Lesson learned from building FotoBareng with Gemini Nano Banana

In December 2025, I had the opportunity to experiment with Google’s Gemini Nano Banana model to build a simple application called FotoBareng. The goal of this project was to create a web app that allows users to blend several pictures together. In this post, I’ll share some lessons learned from building FotoBareng using Gemini Nano Banana.

Lesson 1: Security Driven Development

When building web applications, especially those that interact with AI models and handle user data, security should be at the forefront of your development process. Here are three key principles I followed:

Use the Simplest Form of Auth

For the initial version of FotoBareng, I kept authentication simple. Firebase and cookie-based authentication for client-to-server communication was sufficient for getting started.

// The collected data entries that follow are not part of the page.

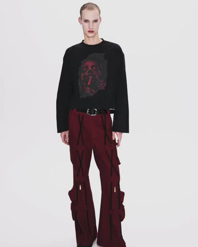 A bold clash of grunge nostalgia and sharp attitude, the Distressed Print Longsleeve is cut for a cropped, boxy silhouette that amplifies presence and tension. Crafted from premium cotton jersey, the piece features broad shoulders with subtle padding and an oversized chest graphic with a cracked, worn-in texture that evokes defiance and decay.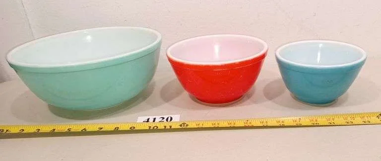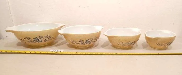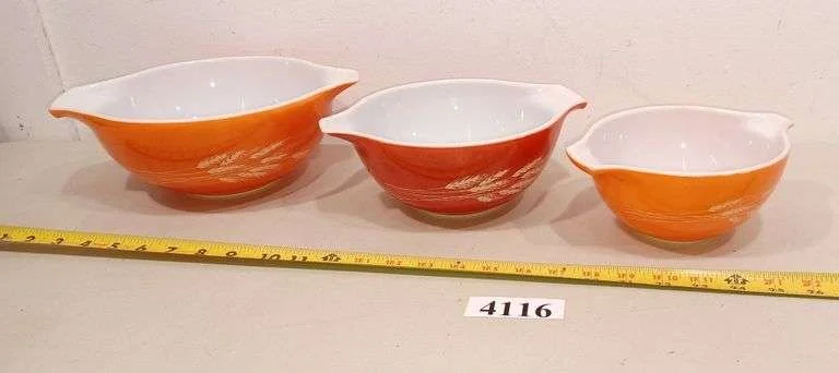 4116 Three piece Pyrex wheat pattern nesting Bowl set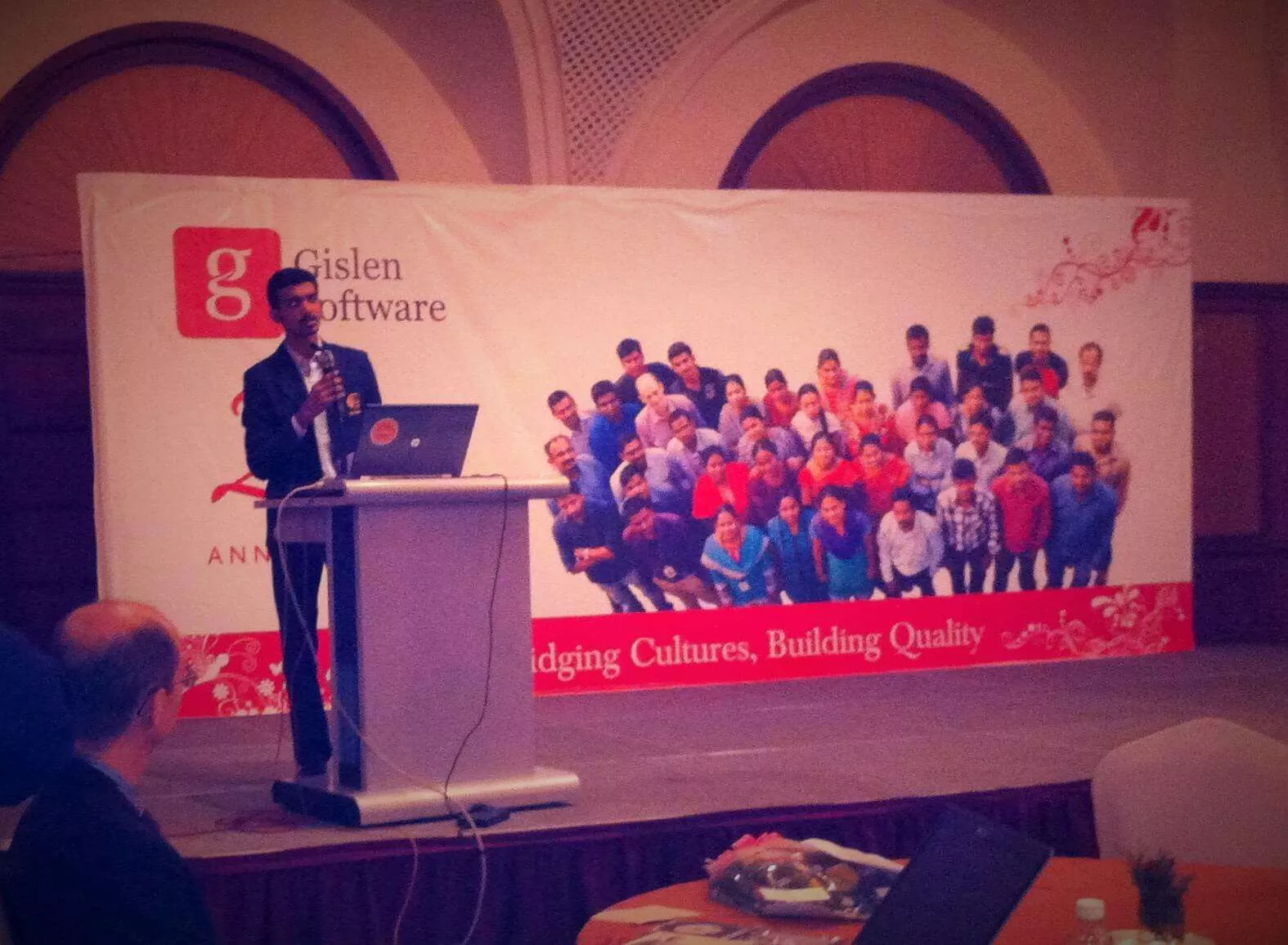 Firandet påbörjades med en 10 minuters presentation med 250 bilder från företagets historia. Den innehöll foton, skärmbilder, familjefoton, kundbesök mm. Efter detta följde korta anföranden av våra styrelsemedlemmar, ledningsgruppen, några anställda som börjat de senaste åren. Anförandena avbröts av kulturella framföranden av flickor från Little Lambs School som dansade traditionell Indisk dans och anställdas barn som sjöng ett par sånger. Hans Sollerman, VD hos e-man talade och både han och Gislen Software gav ekonomiska gåvor till Little Lambs School. Tillställningen avslutades med en indisk buffémiddag.

The beauty of this approach is that it’s native to the browser and can be utilized automatically by fetch API calls. There’s no need to overcomplicate things in the beginning - start simple and iterate as your security requirements grow.

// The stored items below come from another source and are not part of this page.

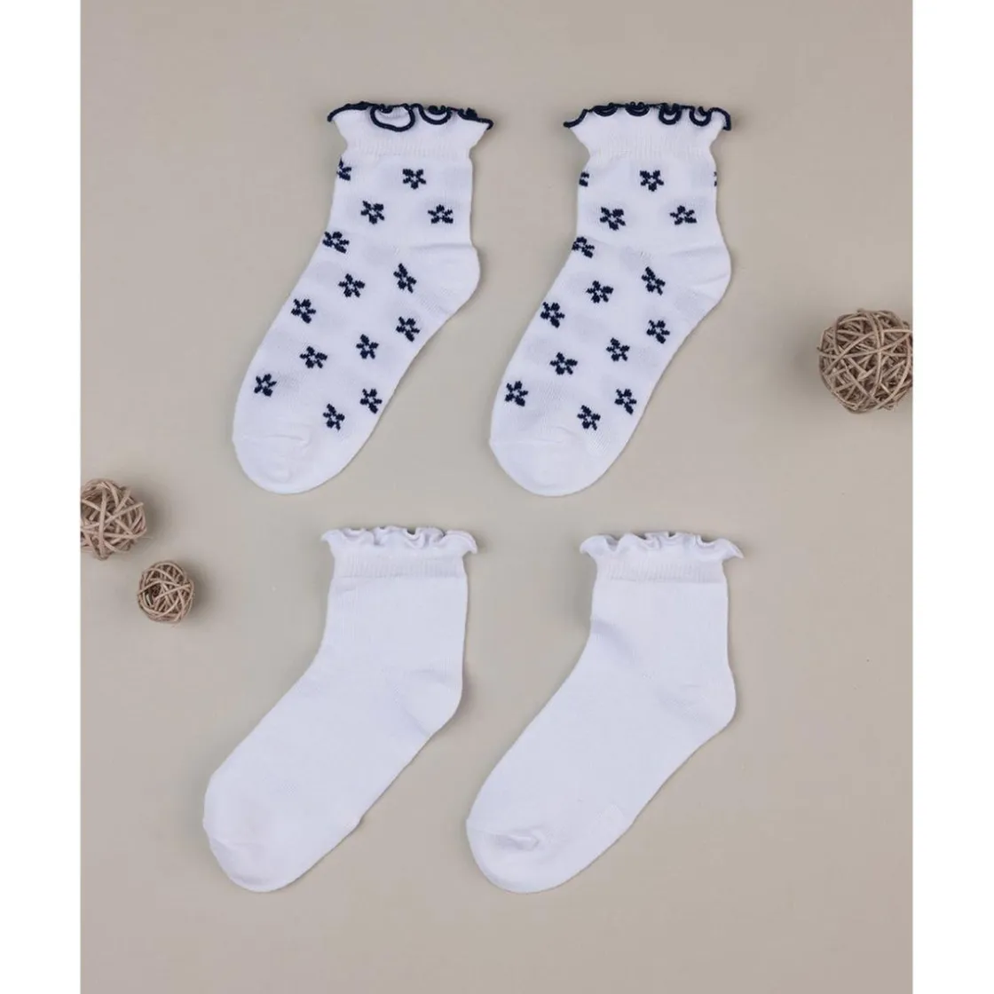 Tierno pack de 2 calcetines cortos para niña. Las prendas se desarrollan sobre una base blanca con detalles en azul noche y tobillo fruncido. La vestimenta es suave y garantiza cero molestias. Accesorios no a la venta. El paquete contiene solo la prenda de vestir.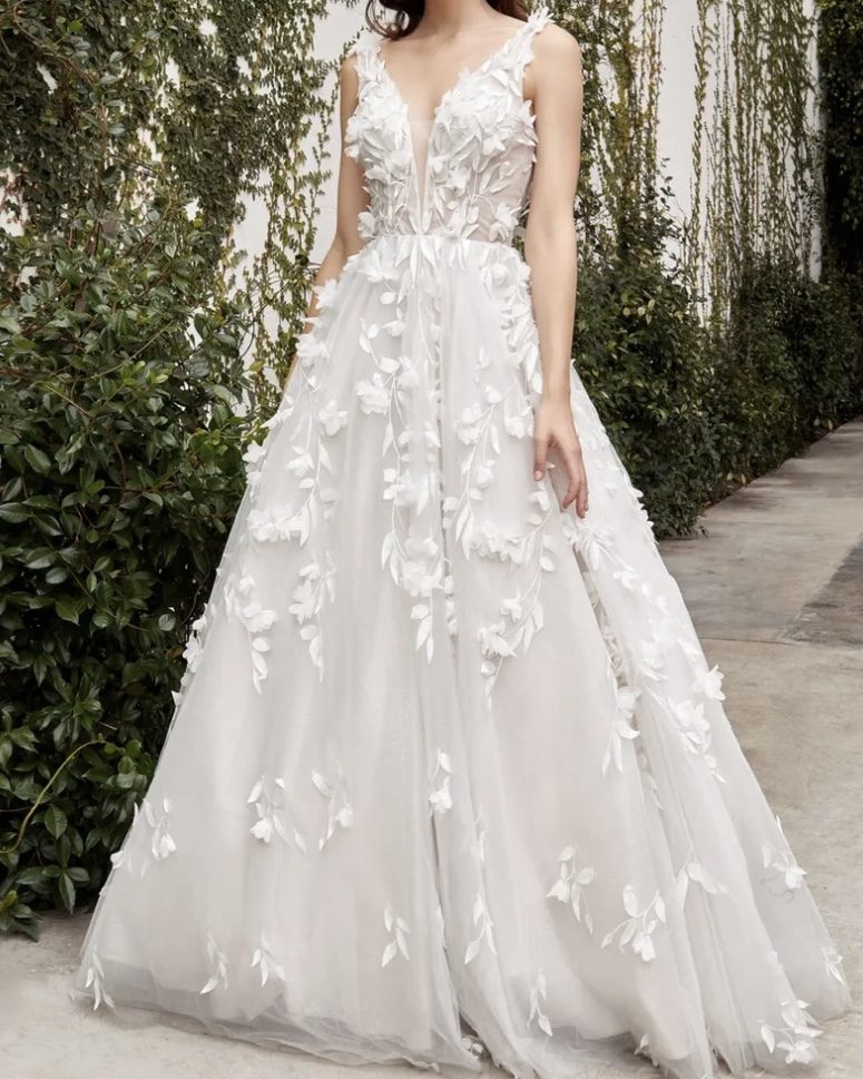 Runaway to a fairytale in this overgrown floral a-line dress. This whimsical A-line gown is cut from layered tulle and embellished with floral beaded lace and three-dimensional flowers blooming along with the silhouette. This fairytale gown has a v-neckline and open swoop back, complete with a deep sheer neckline and sheer side bodice.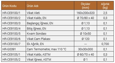 ASTM Test seti bir Vikat Aleti, ASTM Vikat Kalıbı, ASTM Vikat İğnesi, Kıvam Sondası, Vikat Cam Plakası ve Cam Termometreden oluşmaktadır.

Protect All Endpoints by Default

One of the most important security practices is to protect all endpoints by default. Opening an endpoint later is much easier compared to protecting an endpoint later in the future.

For public endpoints that need to be accessible, I protected them with anonymous cookies. This approach ensures that even publicly accessible endpoints have some level of protection and monitoring capability.

Validation, Usage Quota, and Limit

Always validate user requests. This is crucial not just for security, but also for maintaining a good user experience. I implemented fair quota and limit systems for users to protect other users from “abusive” users who might try to monopolize resources.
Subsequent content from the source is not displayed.